A fria cobertura jornalística do dia-a-dia aqui é substituída por um mergulho apaixonante na história do primeiro assentamento de famílias do Movimentos dos Trabalhadores Rurais Sem-Terra (MST), oficializado pelo Incra após a invasão da Fazenda Annoni, no Rio Grande do Sul, em 1985. Tetê de Moraes já havia acompanhado a luta desses trabalhadores em seu filme anterior, Terra para Rose.
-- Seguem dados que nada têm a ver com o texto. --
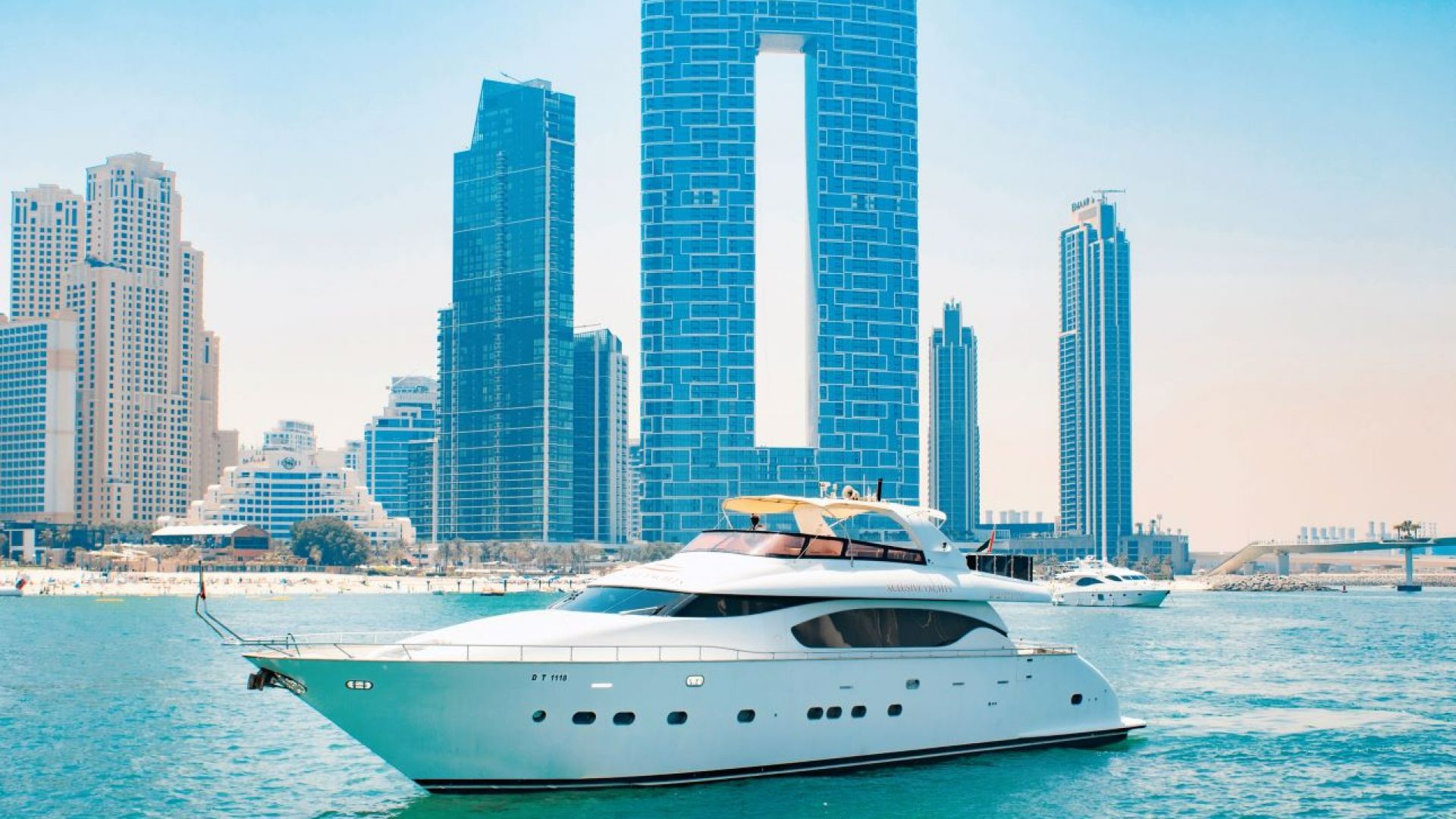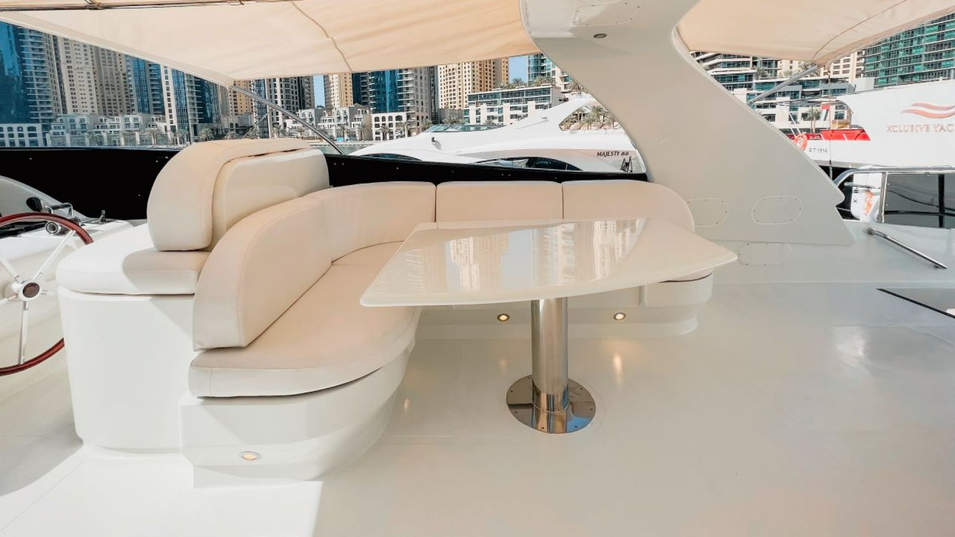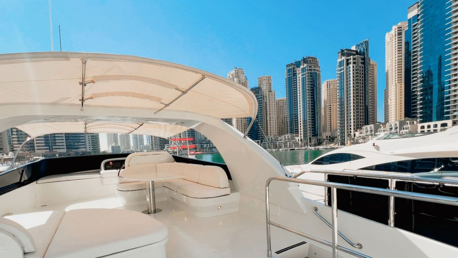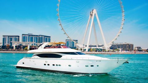 Embark on an unforgettable experience that will leave you feeling like a star onboard our luxurious yacht. You will be greeted like royalty with a red carpet entrance. The journey begins at Dubai Marina, where you can marvel at the breathtaking sights of the magnificent skyscrapers along the waterfront. The cruise will then take you to Bluewaters Island, where you will have the opportunity to capture unforgettable photos with Ain Dubai, the world’s largest observation wheel, as your backdrop. As you sail towards Jumeirah Beach, you will experience the vibrant atmosphere along Dubai’s shoreline first-hand. The voyage continues around the iconic man-made island, Palm Jumeirah, where the world-famous Atlantis Hotel is located, and then proceeds towards the legendary Burj Al Arab. Stay refreshed and cool while enjoying the stunning views of these iconic landmarks, sipping on ice-cold soft drinks. With the Bluetooth system onboard, you can set the perfect mood with your music. But the luxury doesn't stop there; you can relax in utmost comfort with onboard beds, a saloon, air conditioning, and even bathrooms. Whether you are looking for a romantic getaway or a fun day out with friends, our yacht provides everything you need for the ultimate luxurious experience.

Passados dez anos, ela retornou à Fazenda Annoni para conferir como vivem hoje as mesmas famílias que filmou em 1985.

A própria diretora não esconde a emoção ao reencontrar as mesmas pessoas que entrevistou em seu documentário anterior. E, com sua antiga experiência de jornalista, consegue tirar de cada entrevistado detalhes da experiência pioneira das 1.500 famílias que se estabeleceram na região. A música "Assentamento", cantada por Chico Buarque, embala as histórias num ponteio alegre e matinal.

Tetê funde cenas do primeiro filme com as do atual. Os assentados revêem suas imagens como se mirassem um velho espelho e se emocionam ao lembrar do passado. Gaúchos com seus grossos bigodes e a inseparável cuia de chimarrão choram ao lembrar os tempos em que viviam sob barracas cobertas de lona preta, na beira da estrada. Algumas famílias falam abertamente das divergências com alguns dos líderes do movimento e de sua opção por trabalhar em regime familiar. Mesmo divergindo, todos continuam parceiros e trocam trabalho, maquinário e ferramentas para semear seu pedaço de terra.

Quando confrontadas, as imagens dos dois filmes são eloqüentes. As barracas desapareceram, a terra nua foi substituída por áreas cultivadas, porcos e vacas são criados soltos e o leite é todo comprado por uma cooperativa multinacional. Os assentados dizem que sua produtividade é superior à de fazendeiros tradicionais da mesma região.

Para o final, Tetê Moraes deixou o emocionado encontro com a família de Roseli, a Rose que inspirou o filme anterior, morta quando o primeiro filme ainda não havia sido concluído, durante uma caminhada na estrada. Um caminhão desgovernado atropelou e matou vários manifestantes, entre os quais Rose. O marido, desencantado com os rumos do movimento, acabou abandonando o grupo e levou os três filhos do casal. Tetê os encontrou na periferia de Porto Alegre, longe da terra pela qual Rose tanto lutara.